In coastal ecosystems, namely hosting boating and shipping activities, boats and ship's hulls and ship ballast water are commonly recognized for their potential as vectors of the introduction of biofouling organisms consequently making places such as marinas, ports, and wharves extremely susceptible to the fouling activities (Davidson et al., 2010; Hoxha et al., 2018). Furthermore, inshore aquaculture infrastructures can be targeted as well due to the loading of nutrients and the availability of artificial subtracts favorable for biofoulers organisms (Lambert, 2007; Atalah et al., 2014; Atalah et al., 2020; Loureiro et al., 2021). In the Ria de Aveiro, colonial ascidian B. violaceus was registered only at the FH and OF sites, in line with what previous authors have reported regarding the pathways of introduction (Carver et al., 2006; Bock et al., 2011; Palanisamy et al., 2018). Interestingly, B. schlosseri was only registered at the IMTA site. These two species have been recognized as NIS in Portugal (Figure 3) (Canning-Clode et al., 2013; Chainho et al., 2015; Ramalhosa et al., 2021).
Ciona intestinalis total abundance dominated at the IMTA location, representing 50% of the total ascidian community collected throughout the present study, whereas at the remaining locations (FH, M, and OF) it presented extremely low abundance values (0.5%, 0.7%, 0.3%, respectively). Additionally, this location recorded the highest concentrations of dissolved inorganic nutrients. This evidence suggests that the nutrient-enriched waters produced by the fish cultivation system are favoring the growth and biomass accumulation of this species (Chatzoglou et al., 2020). On the other hand, the OF location overall registered high abundances, but on what concerns POM values, this location recorded the lowest values. A possible explanation for such finding is the existing oyster production at this location that may contribute to a reduction of the POM from the water and consequently increase the ammonia signal (Dame et al., 1984).
The general trend of the increase in abundance values was observed in all the studied locations during sampling days 155 to 226 (July to October), which in turn corresponds to the period of ascidians settlement (Coma et al., 2000; Lambert, 2007). Several studies have verified that seasonality is a key element in the development of marine fouling communities (Lindeyer and Gittenberger, 2011; Sievers et al., 2013; Lezzi and Giangrande, 2018; Fortič et al., 2021) and that larval availability also varies with the season (Shenkar et al., 2008).
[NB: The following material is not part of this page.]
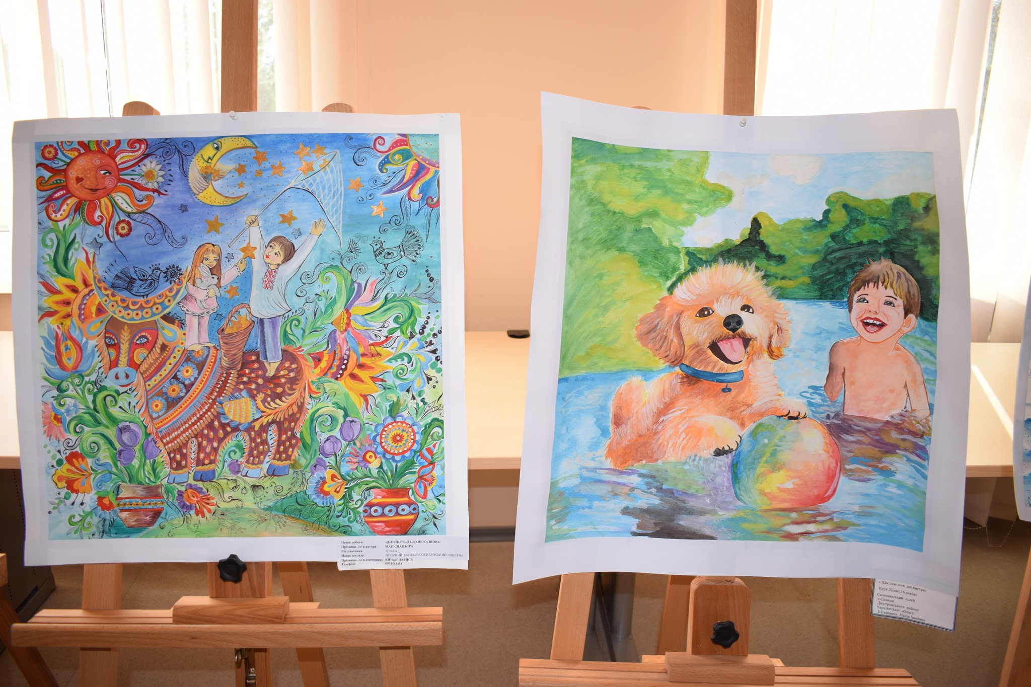 Роботи виконані у різних техніках образотворчого мистецтва — живопис, графіка, батик, — і кожна з них передає неповторне бачення дитиною навколишнього світу.

Our results are compatible with those found by other authors, who have demonstrated that ascidians can present different interspecific recruitment periods year-round. More specifically, Valentine et al. (2016) verified that recruits of colonial B. violaceus can be observed from September to October. Solitary C. intestinalis reaches a recruitment peak in August and can continue until late November (Ramsay et al., 2008b; Ramsay et al., 2009; Valentine et al., 2016). Lindeyer and Gittenberger (2011) documented the succession of native versus non-native fouling communities and verified that Molgula socialis, Styela clava, and B. violaceus settled mostly from June to December, while C. intestinalis, A. aspersa, and B. schlosseri settled from March to December. Therefore, in locations where predictable seasonal fouling patterns are present, the moment of retrieval of the substrate used to collect marine fouling communities is paramount.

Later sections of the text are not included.